(TASK INSTRUCTIONS):
All entries below are to be returned exactly, with pictures left out.

Records contained in a dataset

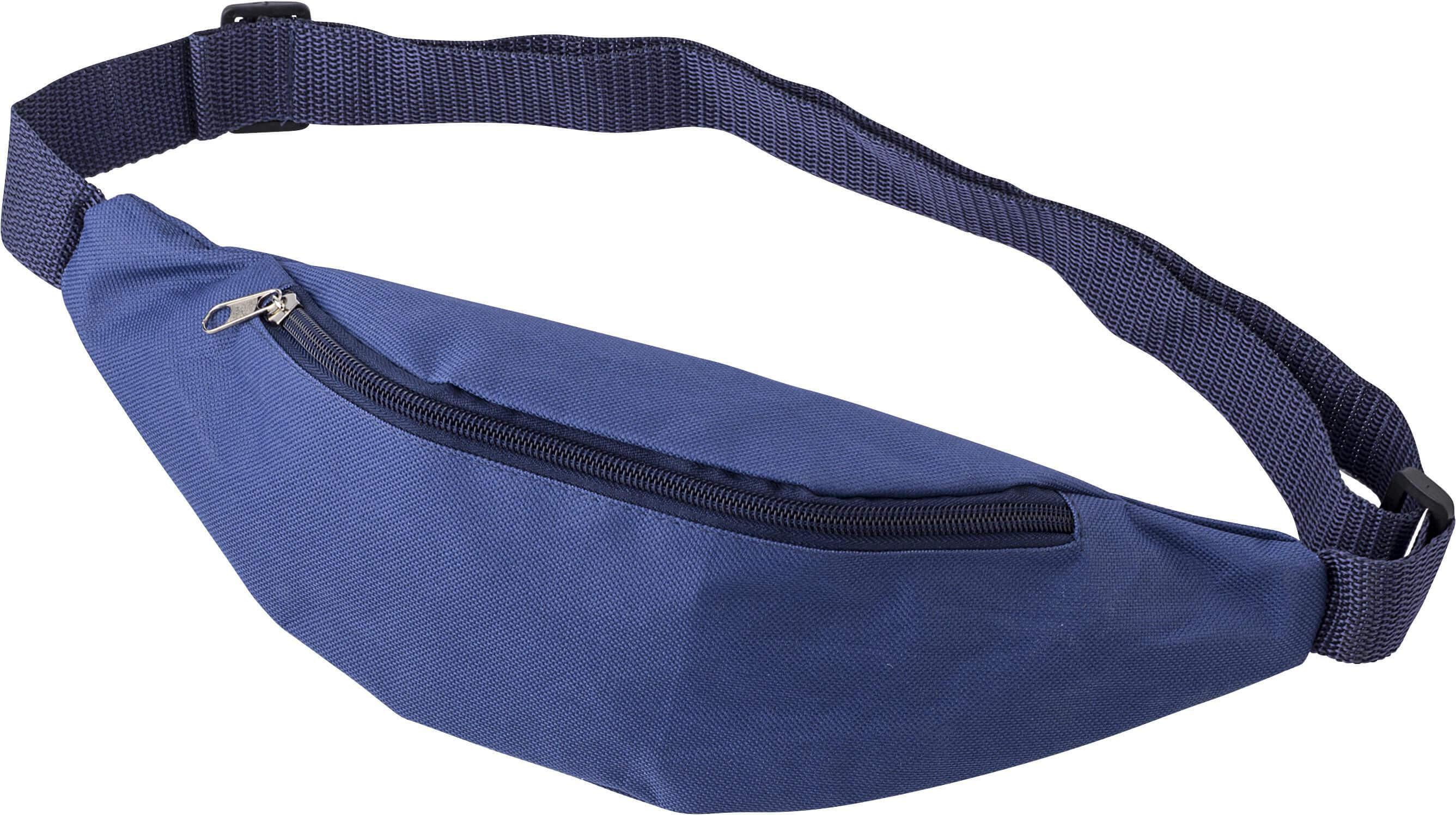 Pochete em tecido Oxford (600D). Possui um bolso com fecho de correr na frente e uma alça ajustável.
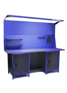 2000х830х700мм Состоит из PROFFI Столешница (сталь 6мм) PROFFI Столешница (фанера) с большим экраном и подсветкой, PROFFI Полка/стенка1 двухnbsp;PROFFI Тумбы с дверцей,. Верстаки серии «PROFFI» предназначены для установки в производственных помещениях и собираются в различной комплектации из отдельных элементов:nbsp; PROFFI опора - синего цвета;nbsp; PROFFI ножка -nbsp; синего цвета;nbsp; PROFFI столешница 1 Д (2Д, 3Д) из 24 мм фанеры, обработаны защитным лакокрасочным покрытием; PROFFI столешница 1М (2М, 3М) из стального листа 6 мм; возможны варианты установки комбинированных PROFFI столешниц (фанера 24 мм + металл 6 мм) и PROFFI столешниц ( фанера 24 мм + металлическая накладка 2 мм);nbsp; PROFFI тумба с дверцей -nbsp; все элементы серого цвета;nbsp; PROFFI тумба с ящиками, все элементы серого цвета; PROFFI полка/стенка 1 (2), серого цвета;nbsp; ВСС экран 2 (3) синего цвета, с комплектом навесок серого цвета (полка - 2 шт., держатель отверток - 1 шт., держатель ключей - 1 шт.). В комплектацию ящиков входит пластиковая ручка. Сверху экрана установлена подсветка на магнитных креплениях для легкого монтажа.
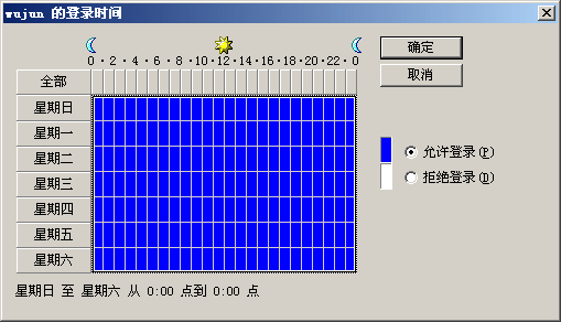 (3)單擊【登錄時間】,彈出wujun 登錄時間對話框,如圖8-9所示。設(shè)置登陸時間后,結(jié)果如圖8-10所示。單擊【確定】返回圖8-8。
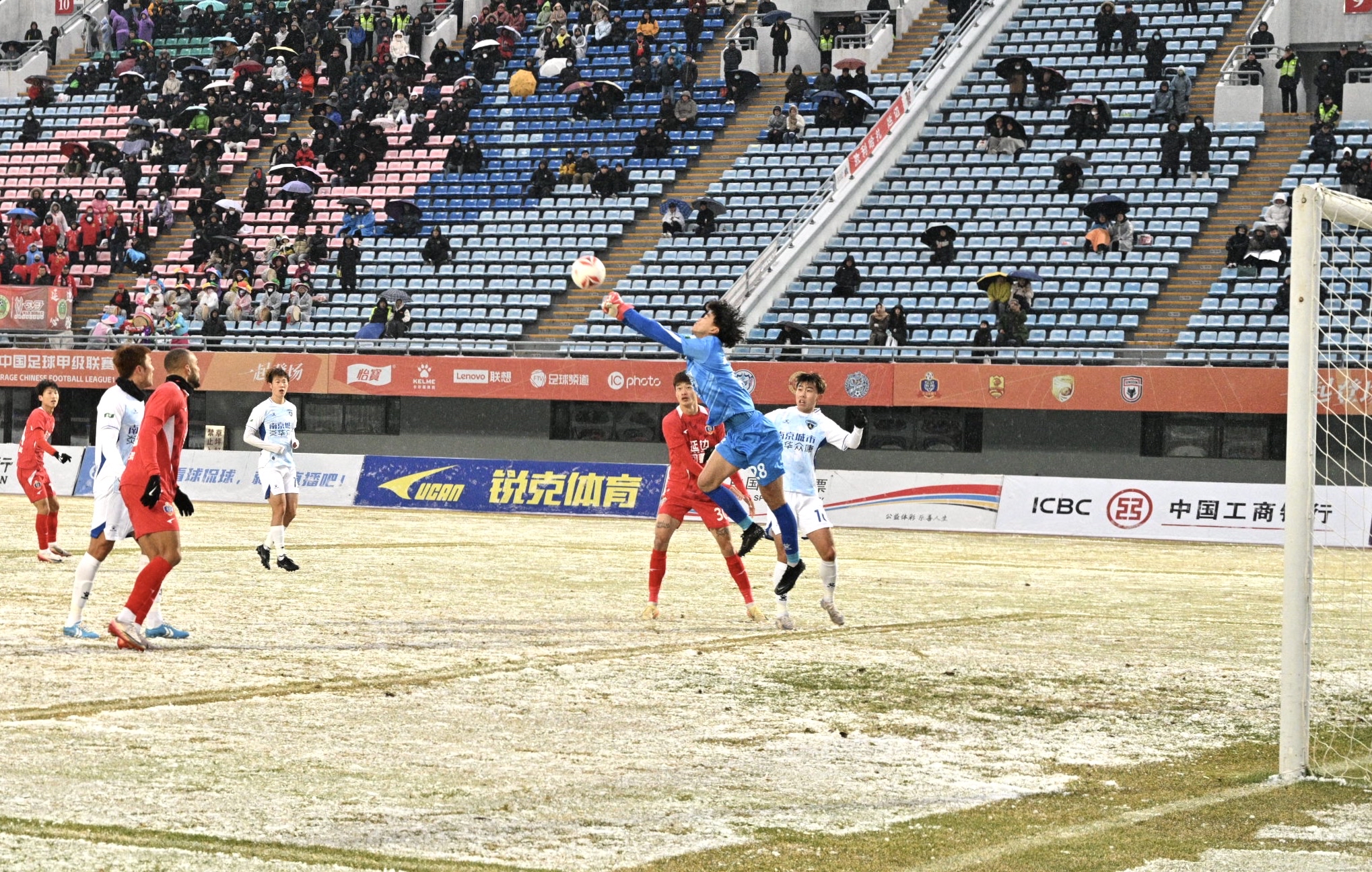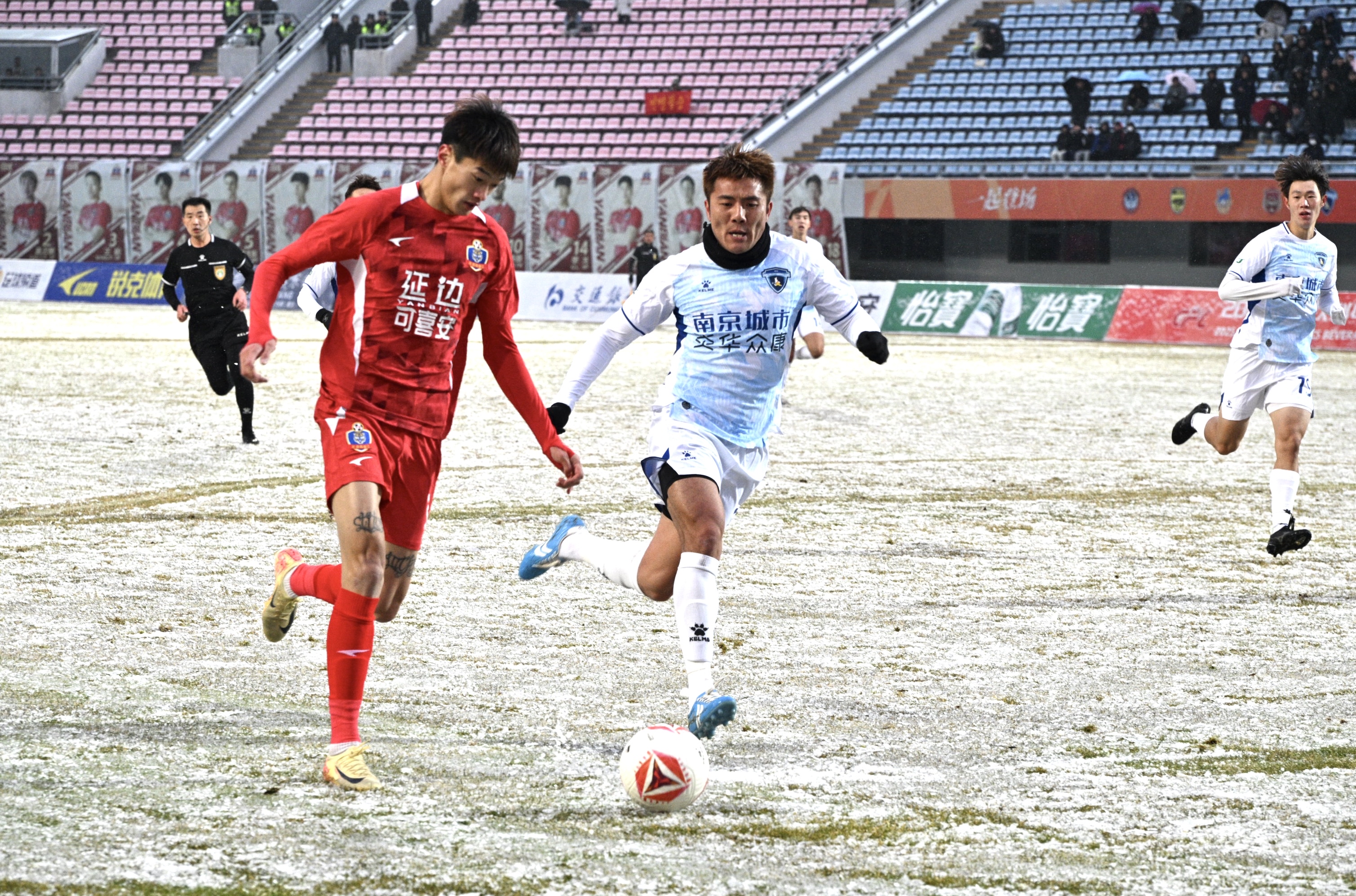 隨著主裁判的一聲哨響,比賽拉開帷幕。在一層薄冰的綠茵場上,雙方球員的爭奪顯得比較謹慎。第8分鐘,小將李潤豪的一腳挑傳,王子豪頭球破門。雖然裁判判定越位在先進球無效,但卻成為雙方加快進攻節奏的助推器。第13分鐘,福布斯在禁區內晃過防守球員勁射破門,延邊龍鼎可喜安隊1:0領先。隨后南京城市隊以密集的反擊,力圖改寫比分。第42分鐘,南京城市隊球員丁云峰因兩張黃牌染紅被罰下。上半場補時階段,南京城市隊球員杜君鵬妙傳,盧佩塔禁區內推射破門,將比分扳成1:1平。易邊再戰,由于南京城市隊場上少一名球員,力量明顯不足,延邊龍鼎可喜安隊的進攻效率顯著提升。黃振飛、徐繼祖、烏卡楚克烏分別破門,福布斯再進兩球完成帽子戲法,延邊龍鼎可喜安隊將比分鎖定為6:1。延邊龍鼎可喜安隊的每一次進球,都得到全場觀眾的熱烈歡呼。看臺上,呼喊聲此起彼伏,彩旗飛揚,鼓聲激越,觀眾腳下的積雪早已在人們縱情的擁抱和跳躍中融化。
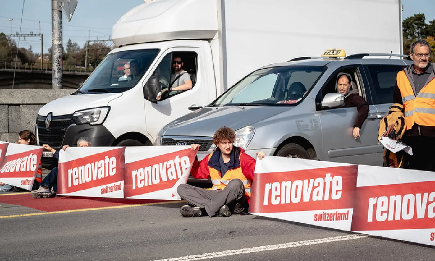 Depuis quelques temps, les grandes marches pour le climat connaissent un ralentissement. A la place, on voit fleurir des groupes d’activistes qui multiplient des actes de désobéissance civile dans l’espace publique. Une des revendications principales de Renovate Switzerland est de demander au Conseil fédéral d’octroyer des crédits afin d’améliorer l’isolation des bâtiments et de réduire ainsi les émissions de CO2.
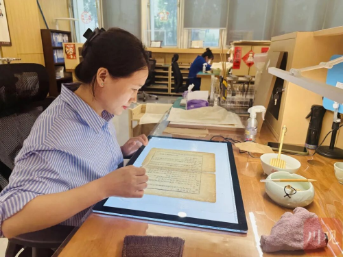 四川省图书馆的修复工作者在修复古籍。刘佳 摄

(SOLVED EXERCISE):
 Pochete em tecido Oxford (600D). Possui um bolso com fecho de correr na frente e uma alça ajustável.
 2000х830х700мм Состоит из PROFFI Столешница (сталь 6мм) PROFFI Столешница (фанера) с большим экраном и подсветкой, PROFFI Полка/стенка1 двухnbsp;PROFFI Тумбы с дверцей,. Верстаки серии «PROFFI» предназначены для установки в производственных помещениях и собираются в различной комплектации из отдельных элементов:nbsp; PROFFI опора - синего цвета;nbsp; PROFFI ножка -nbsp; синего цвета;nbsp; PROFFI столешница 1 Д (2Д, 3Д) из 24 мм фанеры, обработаны защитным лакокрасочным покрытием; PROFFI столешница 1М (2М, 3М) из стального листа 6 мм; возможны варианты установки комбинированных PROFFI столешниц (фанера 24 мм + металл 6 мм) и PROFFI столешниц ( фанера 24 мм + металлическая накладка 2 мм);nbsp; PROFFI тумба с дверцей -nbsp; все элементы серого цвета;nbsp; PROFFI тумба с ящиками, все элементы серого цвета; PROFFI полка/стенка 1 (2), серого цвета;nbsp; ВСС экран 2 (3) синего цвета, с комплектом навесок серого цвета (полка - 2 шт., держатель отверток - 1 шт., держатель ключей - 1 шт.). В комплектацию ящиков входит пластиковая ручка. Сверху экрана установлена подсветка на магнитных креплениях для легкого монтажа.
 (3)單擊【登錄時間】,彈出wujun 登錄時間對話框,如圖8-9所示。設(shè)置登陸時間后,結(jié)果如圖8-10所示。單擊【確定】返回圖8-8。
 隨著主裁判的一聲哨響,比賽拉開帷幕。在一層薄冰的綠茵場上,雙方球員的爭奪顯得比較謹慎。第8分鐘,小將李潤豪的一腳挑傳,王子豪頭球破門。雖然裁判判定越位在先進球無效,但卻成為雙方加快進攻節奏的助推器。第13分鐘,福布斯在禁區內晃過防守球員勁射破門,延邊龍鼎可喜安隊1:0領先。隨后南京城市隊以密集的反擊,力圖改寫比分。第42分鐘,南京城市隊球員丁云峰因兩張黃牌染紅被罰下。上半場補時階段,南京城市隊球員杜君鵬妙傳,盧佩塔禁區內推射破門,將比分扳成1:1平。易邊再戰,由于南京城市隊場上少一名球員,力量明顯不足,延邊龍鼎可喜安隊的進攻效率顯著提升。黃振飛、徐繼祖、烏卡楚克烏分別破門,福布斯再進兩球完成帽子戲法,延邊龍鼎可喜安隊將比分鎖定為6:1。延邊龍鼎可喜安隊的每一次進球,都得到全場觀眾的熱烈歡呼。看臺上,呼喊聲此起彼伏,彩旗飛揚,鼓聲激越,觀眾腳下的積雪早已在人們縱情的擁抱和跳躍中融化。
 Depuis quelques temps, les grandes marches pour le climat connaissent un ralentissement. A la place, on voit fleurir des groupes d’activistes qui multiplient des actes de désobéissance civile dans l’espace publique. Une des revendications principales de Renovate Switzerland est de demander au Conseil fédéral d’octroyer des crédits afin d’améliorer l’isolation des bâtiments et de réduire ainsi les émissions de CO2.
 四川省图书馆的修复工作者在修复古籍。刘佳 摄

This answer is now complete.